I looked at the book in her lap. It had a cow on the front and was obviously one of the many books she has about farm animals. Cows. Pigs. Chickens. Sheep…and lambs…and…
“Did you say ‘bleed’ or ‘bleaT’ as in ‘when sheep make noise they BLEAT!?’
“Yeah. Bleat. Do pigs bleat?”
“No but sheep do. And lambs. They bleat, that’s the noise they make, pigs go ‘oink’ and cows go ‘moo.’ Now go to sleep.”
“OK Dada…”
…Having found great relief that I was not, in fact, the father of a Midwich Cuckoo, I had to laugh. It’s how wars are started. But still the shadow of Fluffy hung heavily, and the next day, as we prepared for him to be put to sleep, the pre-schooler saw us both in various states of misery and gloom. The day after the night before, she and I found ourselves alone at the table. The teenager was at work, my wife was at work. It was late afternoon.
“Dada, I love you and Mama and Zsa Zsa and Fluffy…I want to always be with everyone.”

Fluffy – RIP 5/26/09…the tweetest liddle puddy in the whole wide world
“You know that Fluffy has gone, like we talked about, that he was old and got ill so he went to sleep forever and isn’t coming back, because he died?”
“He isn’t here?”
“No, he went to sleep forever. Because he was very old and very ill, so he’s gone forever but there’s still some of him around, in the sky, in the air…”
She looked up at the ceiling.
“Where? I don’t see any of him?”
I laughed.
“It’s not ACTUAL bits of him, it’s his spirit, his personality, his ‘air’ which is always going to be here.”
“Oh…he was broken!!! Hee hee hee, Fluffy was broken and is up there, hee hee hee!”
“Yes, in a way you’re right. He was broken. His lungs stopped working properly and he wasn’t breathing properly.”
“What are lungs?”
“They’re the two organs behind your chest which allow you to breathe, and if you don’t breathe, then you’ll die, go go to sleep forever…”
“Oh. OK. I love Fluffy.”
“So do we all, and we can always love him…want to look at some photos?”
“YEAH!”
Soo we looked at photos of Fluffy, talked about him, sang the songs we’d made up about him, giggled about him and enjoyed him.
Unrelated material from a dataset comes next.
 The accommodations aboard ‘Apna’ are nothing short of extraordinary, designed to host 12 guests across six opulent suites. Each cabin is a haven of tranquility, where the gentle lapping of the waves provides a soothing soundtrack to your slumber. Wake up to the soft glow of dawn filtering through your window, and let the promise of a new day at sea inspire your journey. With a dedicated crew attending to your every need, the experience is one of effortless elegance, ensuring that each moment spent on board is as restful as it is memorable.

Last night I’d seen a cat who I wanted to get in a few weeks when we’re back from travels. Earlier my wife had said that she felt the right cat would come to us, make itself apparent. And having replied to a craigslist posting, I found out that that person who had fostered ‘Led’, an 11 month old medium-haired tabby/maine-coon who’s personality sounded perfect, was someone I knew. He had, indeed, found a way to come to us. And when we showed the pre-schooler, she squealed and declared she liked him.
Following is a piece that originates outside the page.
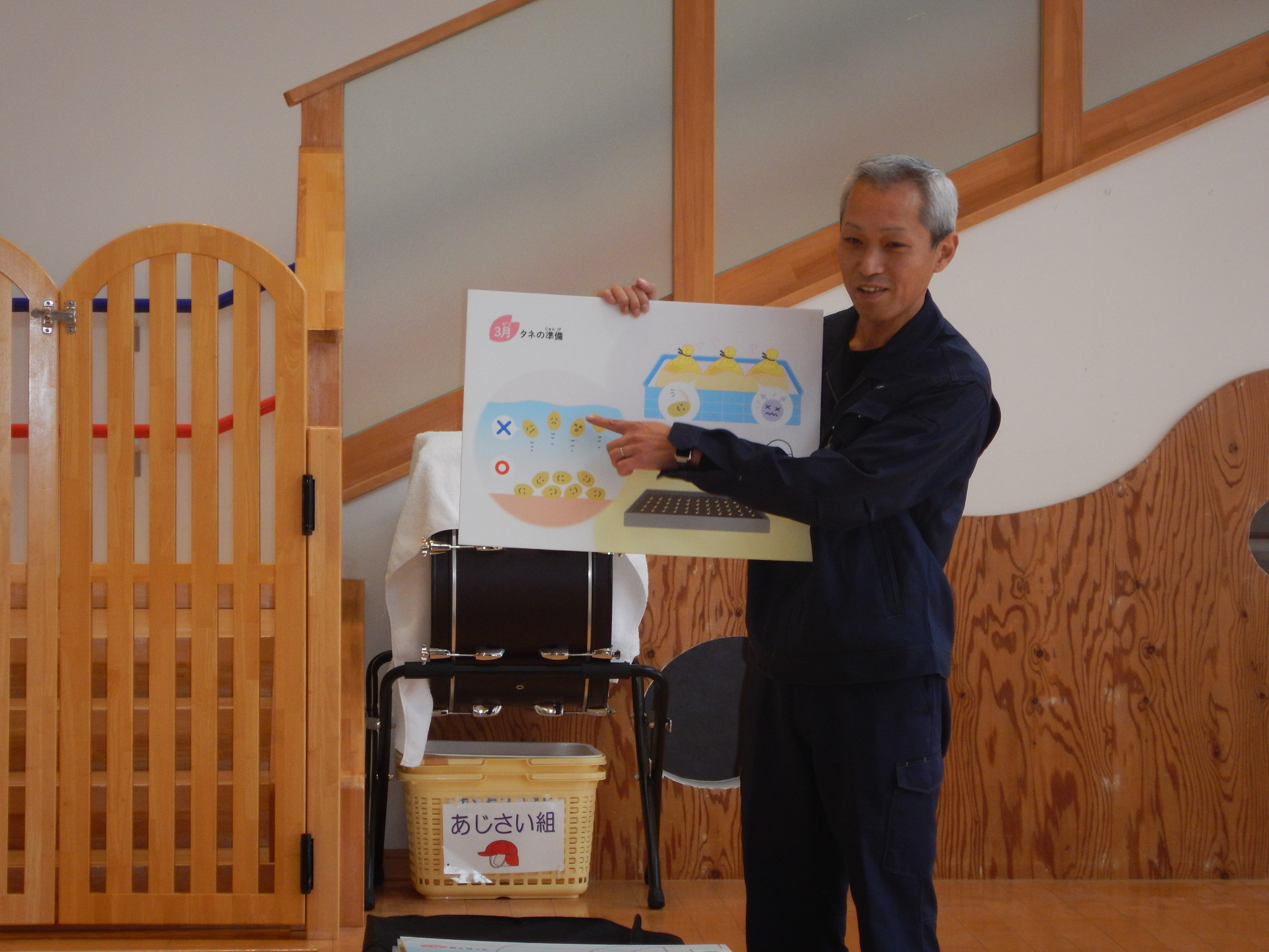 JA新潟中央さんに来ていただき、3~5歳児さんにお米のできる過程から販売までをお話ししてもらいました。お米の種類はものすごく多いんだそうです。

“What would you call him?” my wife asked.
“I would call him BUBBLES!” she yelled, laughing long and loud as she did so.
Bubbles will be with us in late June…and Fluffy, I know, would approve…
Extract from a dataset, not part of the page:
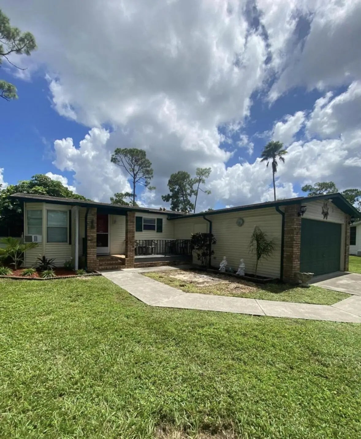 Experience the serene lifestyle of Pine Lakes Country Club in North Fort Myers! This fully furnished 2-bedroom, 2-bathroom home with a garage offers a peaceful retreat within a friendly, guard-gated golf course community. Enjoy over 40 acres of meticulously maintained resort-style amenities, including two executive golf courses, a spacious clubhouse, and breathtaking scenic views. Conveniently located near shopping, dining, places of worship, and medical facilities. Inside, you'll find new vinyl plank flooring, a king-sized owner's suite with a private bath (featuring a new shower with glass doors and an updated vanity), and a window AC unit in the second bedroom for added comfort. Currently AirB&B w/ 5 star rating.

Lovely anecdote about bleating pigs, could have tied yourself into all sorts of theological knots there.
My 3 yr old stunned us into silence the other night. All had been quiet for an hour after bedtime when all of a sudden she appeared in the living room.
“Daddy, Beegie has something to tell you.”
(Beegie is her imaginary friend)
“Ok darling, what does he say?”
“Beegie says that life doesn’t have to end.”
……………………
Still trying to figure that one out.